Au centre se trouvait une tablette tactile qui nous permettait de nous promener dans la galaxie. À travers les années, les scientifiques avaient découvert d’autres systèmes solaires, ouvrant les portes à l’immensité de l’univers.
Mes yeux brillaient avec passion, impressionné par ce tableau de nuit. Depuis toujours, j’admirais la beauté de la galaxie, et tous les mystères qu’elle recelait.
— Le soir où on a été au resto, tu m’as dit qu’avant, on pouvait les voir. T’avais l’air triste, alors j’me suis dit que ça te ferait plaisir. Ici, ils ont reproduit tout l’univers tel qu’on le connaît aujourd’hui.
Je devais l’avouer, j’étais touché. C’était une belle attention de sa part. Pourtant, c’était moi qui aurais dû lui remonter le moral, après ce qu’elle avait subi. Doublement, si on comptait l’échec de sa découverte.
— Merci beaucoup, c’est… Adorable, murmurais-je, voulant conserver le calme du lieu.
J’avançai vers la tablette et parcourus l’espace. Toutes ces étoiles, ces constellations, ces planètes, ces nébuleuses… C’était si beau. J’en avais le souffle coupé. C’était la deuxième fois que je me baladais dans l’univers.
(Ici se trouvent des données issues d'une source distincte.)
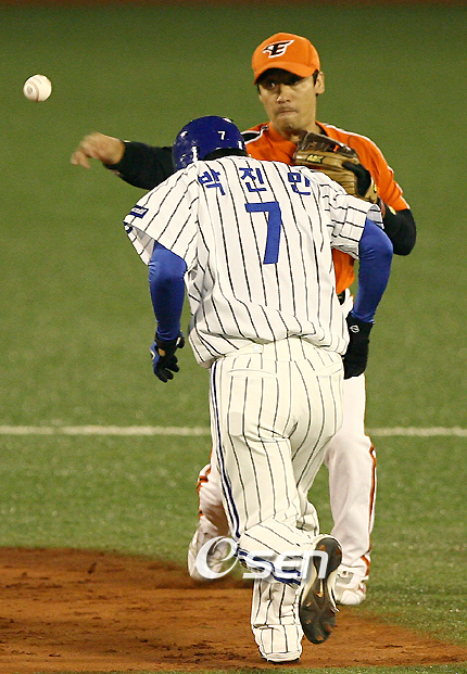 야구 속설 중에 ‘위기 다음에 찬스-찬스 다음에 위기’라는 말이 있습니다. 실점 위기를 넘기면 이상하게도 곧이어 공격에서 득점 기회를 맞는다는 이야기입니다. 거꾸로 득점 기회를 놓치면 곧바로 다음 수비 때 실점 기회를 제공한다는 이야기도 됩니다. 위의 속설은 야구에서 흔히 볼 수 있는 현상인데 수 십 년 간 야구 경기를 관전한 제가 가장 기억에 남는 속설에 걸맞는 경기는 2000년 시드니 올림픽서 우리나라와 일본의 예선전 마지막 경기였습니다. 한국은 마쓰자카를 상대로 1회초에 김동주의 2루타, 이승엽의 투런 홈런 등으로 4점을 먼저 뽑아 쉽게 이기는 듯했으나 정민태-구대성이 이어 던지며 9회초까지 5-5 동점을 이루었습니다. 그리고 9회말 수비에서 2사 1,2루 때 다구치에게 우전안타를 맞았습니다. 본래 중견수였다가 3회부터 우익수로 나선 이병규는 이 타구를 제 자리에서 한 걸음 달려나와 잡았는데 2루에서 쏜살같이 홈으로 대시하는 주자를 잡기에는 벅차 보였습니다. 끝내기 적시타로 점수를 내줘 결선 진출이 좌절될 것 같은 순간이었습니다. 더구나 이병규가 국내 무대서 보여준 외야 송구 실력은 썩 좋지는 않았습니다. 그러나 이병규는 공을 잡자마자 사력을 다해 던졌고 이 송구는 홈플레이트를 지키고 있던 포수 홍성흔에게 정확히 직결돼 2루주자 헤이마를 극적으로 태그아웃 시킬 수 있었습니다. 망연자실한 표정의 일본 선수단은 믿어지지 않는다며 고개를 절래절래 흔들었고 한국 선수단의 환호성은 하늘을 찌를 듯했습니다. 사기가 충천한 한국은 곧이어 10회초 실책으로 출루에 성공한 다음 김기태의 안타와 이승엽의 적시타, 정수근의 희생타로 2점을 뽑고 10회말 임창용이 1점으로 막아 7-6으로 승리하고 4강에 올라가 다시 일본과 대결, 마쓰자카를 상대로 3-1로 이겨 동메달을 따냈습니다. 시드니 올림픽 일본전에 이어 생각나는 경기는 지난해 3월 월드베이스볼클래식(WBC)대회 아시아라운드서 일본에게 역전승을 거둔 장면입니다. 우익수 이진영(SK)은 1차전 대만전 3회 2사 2루에서 린즈성의 파울타구를 전력질주해 펜스에 부딪치며 잡아낸 데 이어 8회에도 린즈성의 우전안타성 타구를 슬라이딩 캐치하며 앞구르기를 해 찬사를 받았습니다. 2-0승. 또 이진영은 3차전인 일본전에서 0-2로 뒤진 4회말 2사 만루 때 니시오카의 우익수 왼쪽으로 빠지는 날카로운 타구를 혼신의 힘을 다해 쫓아가 역모션으로 몸을 날려 낚아채며 한 바퀴 구르는 묘기를 연출했습니다. 타구가 빠지면 3점을 한꺼번에 내줘 절망적일 상황에서 이진영의 수비는 한국 선수들에게 힘을 주어 5회에 한 점을 추격하고 8회에는 1사 1루에서 이승엽이 결승 투런 홈런을 뿜어 3-2로 역전승, 아시아 1위로 본선에 출전했습니다. 이진영에겐 '국민 우익수'라는 호칭이 붙었죠. 이번 준플레이오프 1차전에서 한화 이글스는 ‘위기 다음에 찬스’를 살려 5-0으로 넉넉하게 낙승했습니다. 지난 9일 대전에서 열린 경기에서 삼성 라이온즈가 1회초 1사 1, 2루, 2회초 1사 1, 2루의 기회를 잇달아 잡았으나 후속타자들이 연거푸 삼진으로 물러나자 2회말 공격에서 이범호가 2루타를 때리고 연경흠이 우전 적시타를 날려 선취점을 뽑았습니다. 4회초에도 삼성이 1사 후 김한수의 2루타로 득점권에 나갔으나 점수를 얻지 못하자 한화는 4회말 김태균이 솔로 홈런을 날려 2-0으로 앞섰습니다. 그리고 삼성은 0-3으로 뒤진 6회초엔 심정수의 볼넷, 박진만과 진갑용의 연이은 좌전안타로 무사 만루의 황금 기회를 잡았습니다. 그러나 이날 2안타를 때린 김한수가 짧은 우익수 앞 범타로 물러난 데 이어 박정환과 강봉규는 류현진에게 잇따라 삼진을 먹어 한 점도 뽑아내지 못해 결국 영봉패를 당했습니다. 2~3점을 내줄 수 있었던 위기를 벗어난 한화는 6회말 크루즈의 안타에 이어 이범호가 투런 호머를 날려 승부에 쐐기를 박았습니다. 10일 대구에서 거행된 준플레이오프 2차전에서도 한화는 2회에 삼성 진갑용에게 솔로 홈런을 허용한 뒤 4회에는 김재걸에게 안타, 양준혁에겐 볼넷을 내줘 무사 1, 2루에서 심정수를 삼진으로 돌려 세운 다음 박진만에게 안타를 맞아 1사 만루의 위기를 맞았지만 구원투수 최영필이 진갑용을 2루수 앞 병살타로 막아내 커다란 위기를 넘겼습니다. 하지만 한화는 ‘위기 다음에 찬스’를 살리지 못하고 그후 공격에서 범타로 일관했고 삼성은 한화가 점수를 내지 못하자 6회말에 양준혁이 투런 홈런을 날려 승기를 잡으며 결국 6-0으로 대승해 전날 빚을 갚았습니다. 야구계의 속설 ‘위기 다음의 찬스’는 이렇게 맞을 수도 있고 맞지 않는 경우도 잦습니다. '홈런성 파울 다음에는 삼진’이라는 속설도 그렇습니다. 10여 년 전 강타자 강영수(삼성-OB-태평양-현대-쌍방울)가 잠실경기에서 홈런성 파울을 두 개 날린 다음에도 홈런을 치는 것을 보고 “속설이 맞지 않을 때도 있구나”하고 웃어 넘긴 적이 있는데 속설은 속설에 그치는 모양입니다. 10일 2차전 삼성의 4회말 1사 만루서 진갑용의 2루 땅볼 때 한화 유격수 김민재가 1루주자 박진만을 2루에서 포스아웃시킨 뒤 병살로 연결하며 실점 위기를 모면하는 장면.

Plus jeune, mon père m’avait téléporté sur d’autres planètes. Le fait d’être immortel était commode. Toutefois, on ne pouvait pas respirer. Au bout d’un moment, le voyage devenait désagréable.
Alice vint se positionner à côté de moi, son bras frôlait le mien. Je lui jetais un coup d’œil discret. Son regard était sur la tablette. Elle observait ce que je faisais.
— Ça va ? finis-je par lui demander.
— Oui super. Pourquoi ?
— Je pensais que tu serais encore… Sonnée par notre dernière sortie, lui confiais-je.
Je laissai la tablette de côté et me tournai vers elle, afin de l’observer dans les yeux.
— Pourquoi je serais sonnée ? s’étonna-t-elle.
Je plissais les yeux.
— Tu es tombée dans les pommes…
— Non, c’est toi qui t’es senti mal.
Le visage d’Alice était déformé par l’incompréhension. Je me remémorais notre soirée. Les images de la R.D.Â., le laser dans l’œil d’Alice, sa chute, me revenaient comme un cauchemar sans fin. J’eus l’impression de sentir de nouveau son corps tremblant entre mes bras. Certes, je m’étais senti mal, mais simplement parce que j’avais peur pour elle.
— Je t’ai porté jusqu’à ta chambre, Alice, tu te rappelles pas ?
— Qu’est-ce que tu racontes ?
— Après notre enquête, tu es…
Je me tus quand je vis l’expression qu’Alice me fit. Peut-être que le choc de la soirée avait effacé ses souvenirs ? Une lueur passa dans ses yeux, comme si le puzzle se reconstituait. Ses sourcils étaient légèrement froncés.